Financing a business with a loan is common practice. Loans granted to a company by its shareholder are particularly valued. Legislators promote this form of lending, as evidenced by the introduction of an exemption from the tax on legal transactions.
Receiving a loan does not constitute income for the borrower, nor does it constitute a tax-deductible expense for the lender. These are not definitive expenses/benefits. However, the borrower's income will be the amount of the forgiven loan, and in the case of a CIT taxpayer, also the amount of the expired loan. Because a loan is a repayable benefit, its granting and repayment do not result in the payment of income tax.
Interest on borrowed capital, which constitutes the lender's remuneration, is treated differently. While the Civil Code does not impose an obligation to charge interest on loans, interest-bearing loans are most common. This is particularly important when a shareholder grants a loan to a company.

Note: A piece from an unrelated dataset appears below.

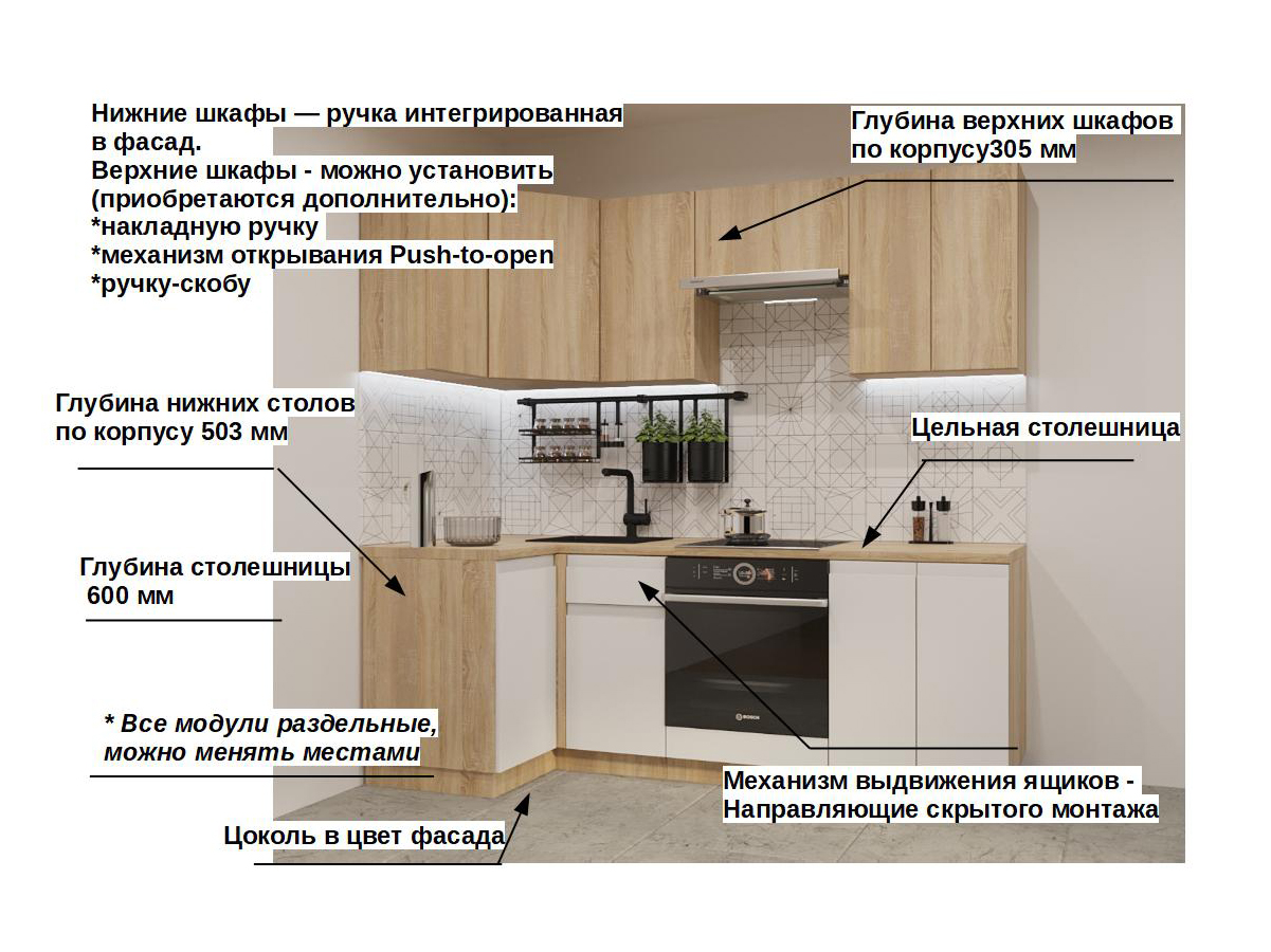 Кухонная мойка, стеновая панель, посудосушитель, планки для столешницы в комплект не входят.

If the loan were interest-free, the company would receive a gratuitous benefit on which it would be required to pay income tax. Importantly, from the perspective of transfer pricing regulations, the shareholder and the company are related entities. Such entities should apply market prices in all transactions concluded between them. In such a case, it is not sufficient that the loan bears interest. It is crucial that the interest rate corresponds to market conditions.

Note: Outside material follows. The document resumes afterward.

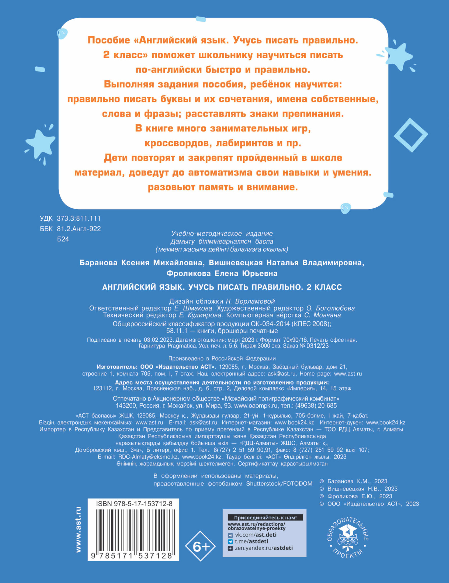 Сервис сравнения цен СкидкаГИД предлагает сравнить цены на товар «Книга: Английский язык. Учусь писать правильно. 2 класс (Пазин Михаил Сергеевич, Фроликова Елена Юрьевна, Баранова Ксения Михайловна); Образовательные проекты, 2023»

Interest received by the lender for providing capital constitutes taxable income. However, interest paid will not always constitute a tax-deductible expense for the borrower. For this to be the case, the loan must meet the statutory definition of a tax-deductible expense. According to this definition, tax-deductible expenses are costs incurred to generate income from a source of income or to maintain or secure a source of income, excluding costs that have been enumerated as expenses by the legislature.
Therefore, if the loan was granted for business purposes and there is a causal relationship between the payment of interest and the creation, increase, or potential creation of income, then the interest may be considered a tax-deductible expense. However, it should be remembered that this only applies to interest paid. Unpaid or forgiven amounts will not constitute an expense. Tax laws also limit the amounts that can be considered a tax-deductible expense in the case of debt financing to PLN 3 million or the amount calculated according to the statutory formula, whichever is higher.
Sometimes, the lender requires third-party security for loan repayment. This may take the form of, for example, a bank guarantee or surety. Obligations are often secured by specialized entities – a bank guarantee is issued by a bank, while a non-profit guarantee fund can provide a surety. However, any entity, both legal and natural persons, can provide a surety. Often, a partner serves as a guarantor for a company's obligation. If the company defaults on its loan repayment obligation, the partner is liable for it with their personal assets. However, it is important to remember that a surety is a benefit provided by the guarantor to the debtor. Therefore, if the partner does not receive remuneration for the surety, the company will receive a gratuitous benefit that is taxable. However, if the agreement between the guarantor and the debtor provides for a fee-based surety, it is important to remember that the amount must reflect the market value. Transfer pricing regulations apply to a partner's guarantee for company obligations, as with a loan granted by the partner to the company.
This article is for informational purposes only and does not constitute legal advice.